RECORDS TO USE
┌──
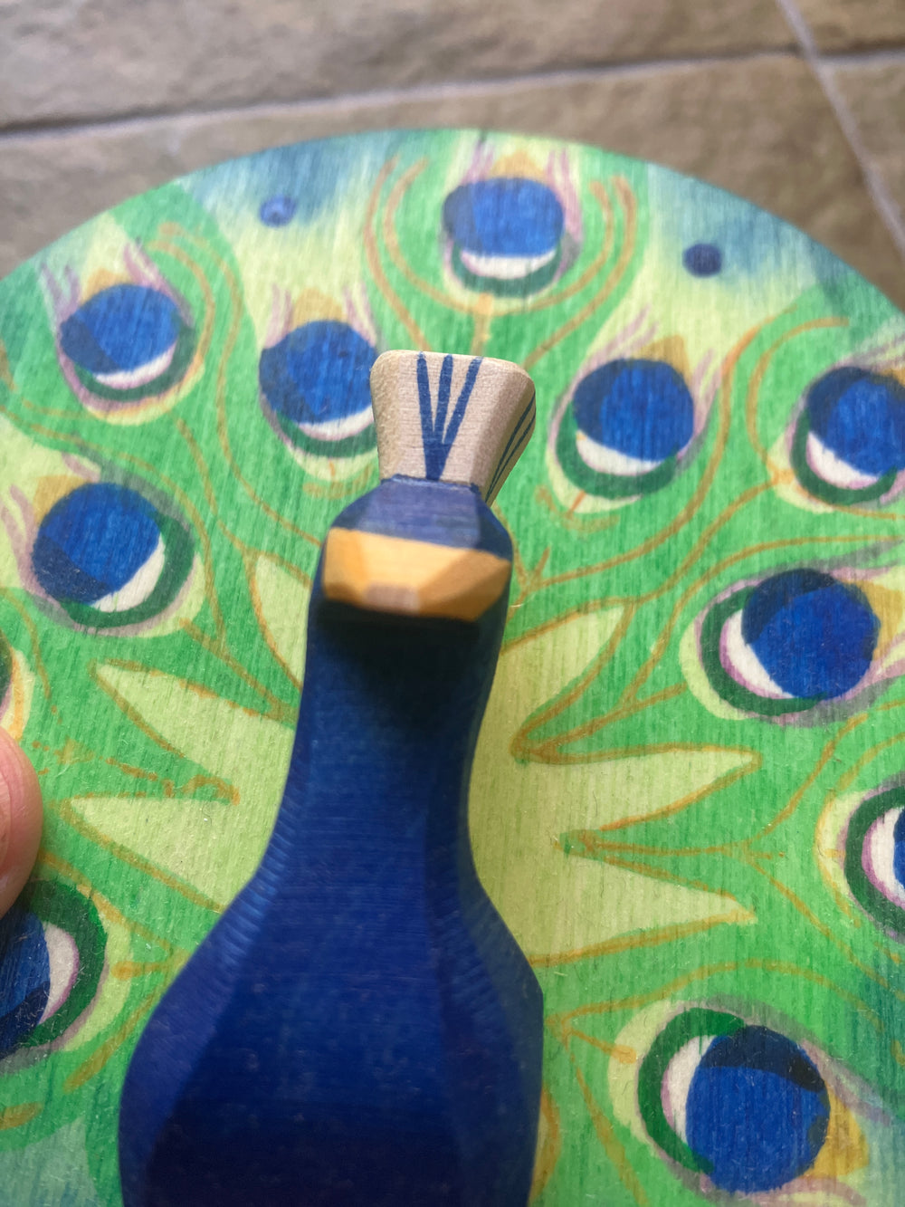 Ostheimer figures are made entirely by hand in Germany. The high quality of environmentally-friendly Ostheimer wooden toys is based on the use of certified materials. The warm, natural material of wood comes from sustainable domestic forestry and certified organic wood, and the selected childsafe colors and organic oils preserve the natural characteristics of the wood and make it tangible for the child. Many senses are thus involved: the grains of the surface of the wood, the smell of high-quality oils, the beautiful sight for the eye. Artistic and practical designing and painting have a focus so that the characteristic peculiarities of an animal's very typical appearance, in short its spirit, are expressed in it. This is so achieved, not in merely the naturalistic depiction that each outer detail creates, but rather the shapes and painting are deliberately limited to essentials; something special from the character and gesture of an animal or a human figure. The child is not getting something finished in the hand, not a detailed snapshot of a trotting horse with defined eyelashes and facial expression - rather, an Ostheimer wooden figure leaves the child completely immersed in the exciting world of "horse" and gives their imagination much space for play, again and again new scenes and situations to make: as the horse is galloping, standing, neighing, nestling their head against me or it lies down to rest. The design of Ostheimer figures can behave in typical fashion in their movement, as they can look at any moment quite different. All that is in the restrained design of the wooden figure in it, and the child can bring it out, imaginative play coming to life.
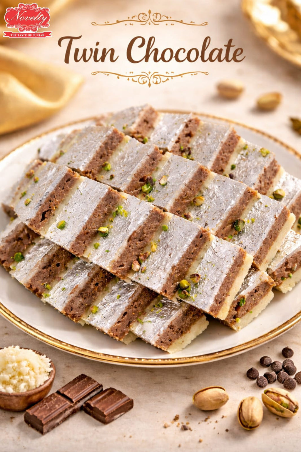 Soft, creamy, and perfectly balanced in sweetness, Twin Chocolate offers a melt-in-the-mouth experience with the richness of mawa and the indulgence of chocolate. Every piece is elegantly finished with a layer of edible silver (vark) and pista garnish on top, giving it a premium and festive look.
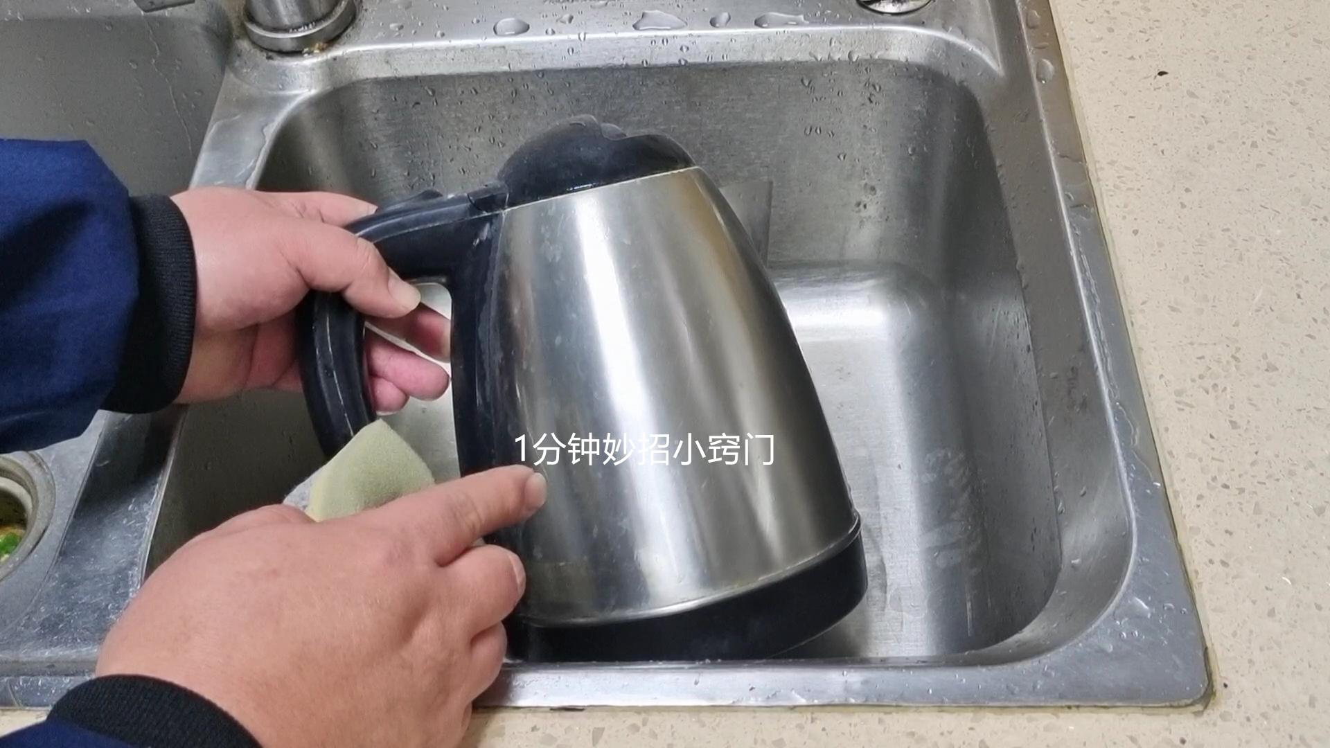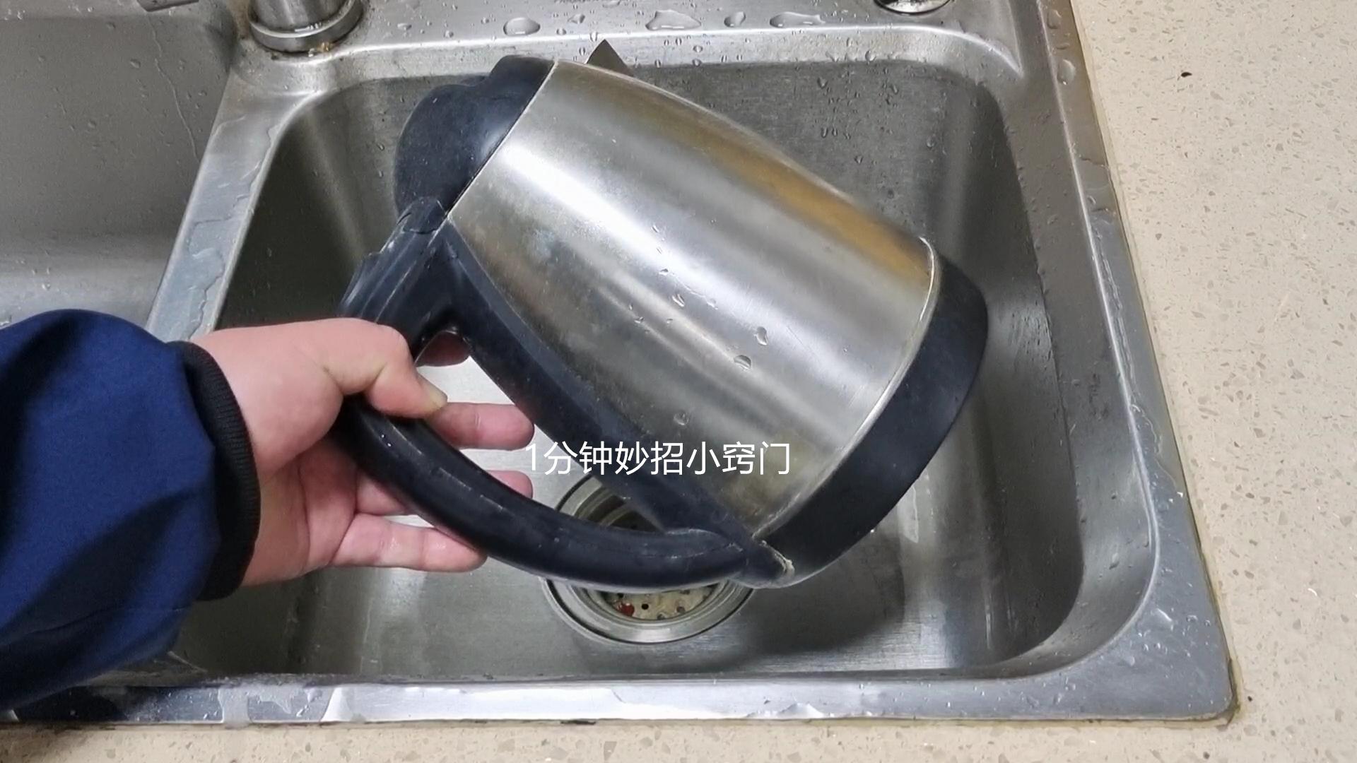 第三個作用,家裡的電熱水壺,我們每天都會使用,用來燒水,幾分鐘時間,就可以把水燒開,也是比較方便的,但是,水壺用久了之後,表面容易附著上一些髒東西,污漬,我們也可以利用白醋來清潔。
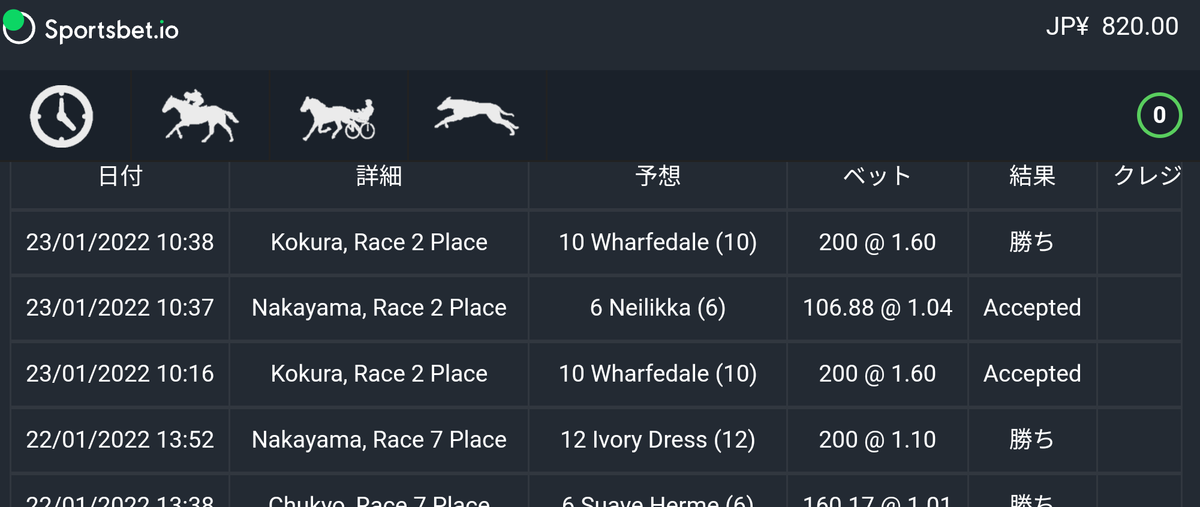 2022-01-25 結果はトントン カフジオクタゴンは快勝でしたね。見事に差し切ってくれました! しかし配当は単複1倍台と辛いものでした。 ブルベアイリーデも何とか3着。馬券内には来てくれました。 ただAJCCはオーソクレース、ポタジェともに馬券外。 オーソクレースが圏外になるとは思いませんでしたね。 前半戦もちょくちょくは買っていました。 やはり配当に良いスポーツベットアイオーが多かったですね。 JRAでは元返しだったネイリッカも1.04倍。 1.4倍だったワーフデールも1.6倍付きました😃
└──
┌──
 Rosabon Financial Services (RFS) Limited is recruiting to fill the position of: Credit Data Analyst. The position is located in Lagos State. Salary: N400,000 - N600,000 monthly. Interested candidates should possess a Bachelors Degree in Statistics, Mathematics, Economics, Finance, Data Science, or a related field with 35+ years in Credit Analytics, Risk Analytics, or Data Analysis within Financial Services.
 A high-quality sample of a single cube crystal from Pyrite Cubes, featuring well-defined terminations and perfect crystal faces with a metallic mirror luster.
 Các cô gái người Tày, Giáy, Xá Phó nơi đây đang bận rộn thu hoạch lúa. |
└──
EXERCISE
Output the lines of the records above exactly as they appear, from the line containing "A high-quality sample" through the line containing "Các cô gái người".

ANSWER TO THIS TASK
 A high-quality sample of a single cube crystal from Pyrite Cubes, featuring well-defined terminations and perfect crystal faces with a metallic mirror luster.
 Các cô gái người Tày, Giáy, Xá Phó nơi đây đang bận rộn thu hoạch lúa. |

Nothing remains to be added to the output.